WHAT YOU HAVE TO DO: Nothing but the lines below from the one with "մասնակցությունը բարունակելու նրա" through the one with "Ilustración 3. Evidencia recorrido punto 2" should be output, each exactly as given, and no pictures.

DATA TO USE:
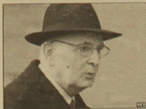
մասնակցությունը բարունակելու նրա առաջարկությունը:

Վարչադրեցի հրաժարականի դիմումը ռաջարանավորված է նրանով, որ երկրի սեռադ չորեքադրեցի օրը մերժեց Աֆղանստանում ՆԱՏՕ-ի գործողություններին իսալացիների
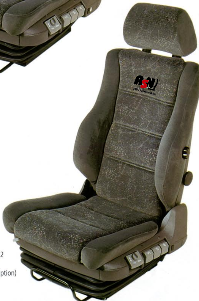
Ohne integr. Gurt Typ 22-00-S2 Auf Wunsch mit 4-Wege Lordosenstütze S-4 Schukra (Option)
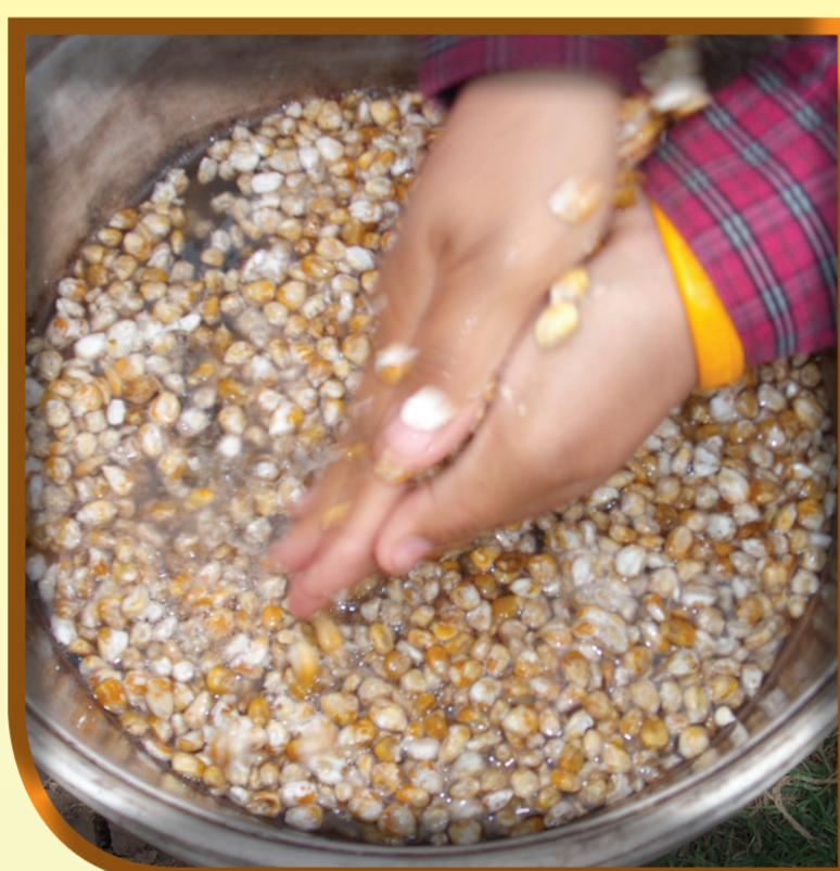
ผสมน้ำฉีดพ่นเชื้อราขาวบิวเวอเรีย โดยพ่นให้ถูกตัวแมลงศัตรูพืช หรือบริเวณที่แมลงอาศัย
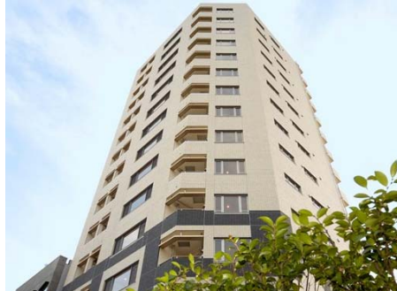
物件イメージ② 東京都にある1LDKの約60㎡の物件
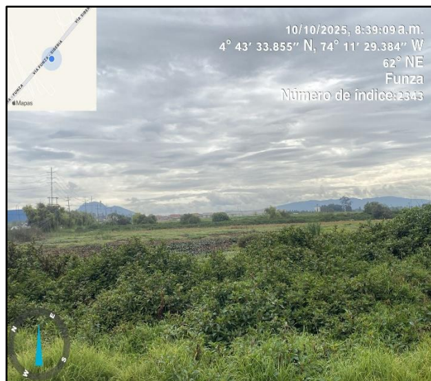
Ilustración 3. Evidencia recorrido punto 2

--

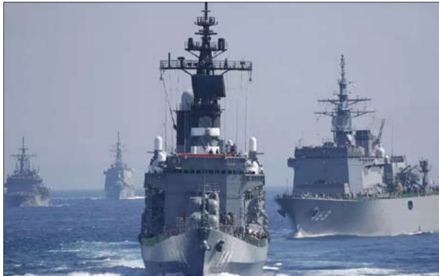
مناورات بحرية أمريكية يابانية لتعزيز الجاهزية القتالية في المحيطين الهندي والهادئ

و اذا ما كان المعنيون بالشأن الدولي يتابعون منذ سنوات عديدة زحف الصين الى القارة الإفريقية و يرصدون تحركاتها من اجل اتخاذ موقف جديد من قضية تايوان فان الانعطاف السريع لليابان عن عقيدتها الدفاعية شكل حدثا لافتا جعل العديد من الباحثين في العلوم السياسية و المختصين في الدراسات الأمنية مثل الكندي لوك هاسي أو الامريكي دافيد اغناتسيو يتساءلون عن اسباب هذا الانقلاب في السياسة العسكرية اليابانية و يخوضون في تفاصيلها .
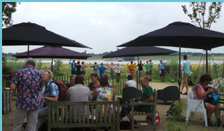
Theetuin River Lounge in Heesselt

YOUR RESPONSE:
մասնակցությունը բարունակելու նրա առաջարկությունը:

Վարչադրեցի հրաժարականի դիմումը ռաջարանավորված է նրանով, որ երկրի սեռադ չորեքադրեցի օրը մերժեց Աֆղանստանում ՆԱՏՕ-ի գործողություններին իսալացիների
Ohne integr. Gurt Typ 22-00-S2 Auf Wunsch mit 4-Wege Lordosenstütze S-4 Schukra (Option)
ผสมน้ำฉีดพ่นเชื้อราขาวบิวเวอเรีย โดยพ่นให้ถูกตัวแมลงศัตรูพืช หรือบริเวณที่แมลงอาศัย
物件イメージ② 東京都にある1LDKの約60㎡の物件
Ilustración 3. Evidencia recorrido punto 2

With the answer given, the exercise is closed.